Sunday, December 10, 2006

Making Change, part 2

Thanks to all of you for the responses you posted to the first article of this series. My posting has not been as frequent as I'd like it; I hope to accelerate the series a bit over the next two weeks, so pay attention! :-)


You indicated that the decision for or against homeschooling is a family decision. It was not made in a vacuum, but considered factors that were internal and external to the family. You made the decision irrespective of the prevailing thoughts around you. Humorously, several mentioned that your families don't like any of your decisions. You rebels, you.

So, we know why you didn't succumb to public or private school peer pressure. Now, what educational reasons did you have for homeschooling?

The answer to that question is as varied as the parents who do it. My guess is that most answers will fall into the following, not-all-inclusive categories:

  • Learning deficiencies and/or advances - sometimes, a child is too far ahead or behind relative to other children their age, and the formal classroom cannot keep pace with them.
  • Behavioral difficulties with the student (or with other students) in the classroom.
  • Religious reasons - parents want to teach their children their religious beliefs, and how those beliefs integrate throughout all that a child learns.
  • Dissatisfaction and cost - it's too expensive to send a child to private school in lieu of having the child attend a public school, which the parents don't want to do.
  • Politics - some parents don't like the left-leanings or right-leanings of the subject matter or, recently, of the teachers.
  • Safety - who likes the thoughts of their children having to pass through metal detectors to go to school?
  • Reducing the influence of peer pressure on their children's ability to learn.
I'm sure you could think of many more.

Again, what are your educational reasons for homeschooling? Yes, some of this overlaps the responses you gave to the first article, but I'd like to know more. I believe that no one does it because "everyone else is doing it". I believe that everyone who does it has strong, foundational reasons for doing so. Just like, I hope, they have strong, foundational reasons for electing the officials that they do, and don't do it because "everyone else is doing it".

5 comments:

Genuine Lustre said...

Couldn't bear the thought of putting my baby on the bus to the institution at such a tender age, when he could be home playing outside, taking naps, visiting grandparents, etc.

Anonymous said...

Remember that scene in "The Wall" where the uniformed kids in their nice straight line march into the meat grinder?

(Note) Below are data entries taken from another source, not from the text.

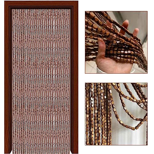Jolan Rideaux De Porte en Perles,Rideau De Porte Perles Bois Naturel,Panneaux De Séparation De Décoration,Rideaux Anti Mouche Suspendue,Rideaux en Perles Brins Faits À La Main,W×H-35strands(70×200cm)
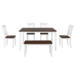 6-Piece Rectangle White Wood Top Dining Room Set, for Home or Commercial Use (Seats 6) by JASMODER
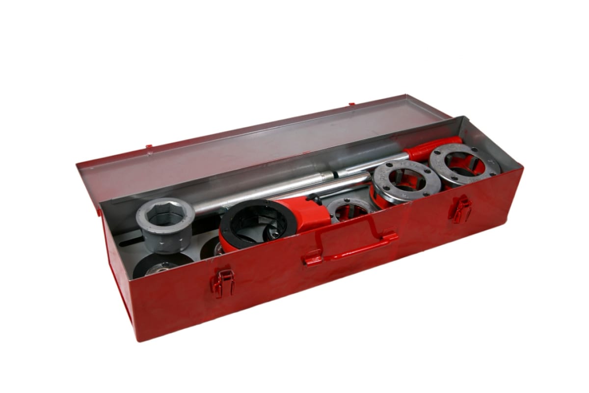 Резьбонарезной набор Gerat 63132 служит для ручной нарезки резьбы на металлических трубах. Все инструменты изготовлены из прочных и износостойких материалов. Набор укомплектован в специальный металлический кейс. Быстросменные резьбонарезные головки имеют точную посадку.

I don't want to rear drones for a broken system. I'm hoping they will be liberty minded free thinkers who know "the rest of the story."

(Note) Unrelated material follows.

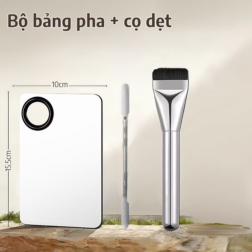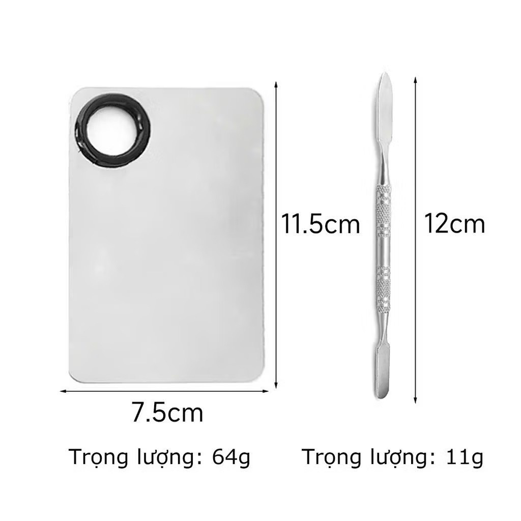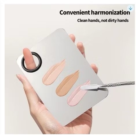 Bộ dụng cụ makeup tiện lợi với khay inox mini giúp trộn kem nền, kem dưỡng, phấn nước nhanh gọn. Kèm theo thìa trộn nhỏ dễ thao tác, phù hợp dùng hàng ngày hoặc mang theo túi đồ trang điểm.

I'd say mix of political, behavior, safety, religious, cost, peer pressure... Have I left anything out? lol.

A little of my own paranoia is also involved. "My daddy likes Rum and Cokes with his xanax when he goes shooting his guns..." LOL!

Susan said...

Educational reasons? Not being confined to the traditional scope&sequence. We can have greater speed, slower speed, more depth, or greater breadth.

Ensuring that kids learn to enjoy reading.

Also, we've discovered that listening skills are much better in homeschooled kids that have been read to a lot, as opposed to schooled kids.

Also, problem-solving abilities and being able to think outside the box.

Jane said...

Our oldest two were in school and it wasn't working for Patrick. At the end of Kg his teacher was talking about holding him back because he was showing no signs of reading readiness. I knew that he was a bright little boy and I didn't want him labeled so I was just going to homeschool for a year or two until he got "evened out."

It was a desperation move and I didn't want to do it. But what we've discovered is all of the strengths that have been mentioned previously. So we never quit and we've graduated one with Patrick--the voracious reader--close behind.

Kim said...

I couldn't stand the focus the schools placed on diversity and esteem while ignoring things like math and science. After teaching for a couple of years I realized any parent who really wanted to give their child a good education could do much better than the schools. I wanted my kids to learn, not be in a system that has to rely on busy-work for crowd control.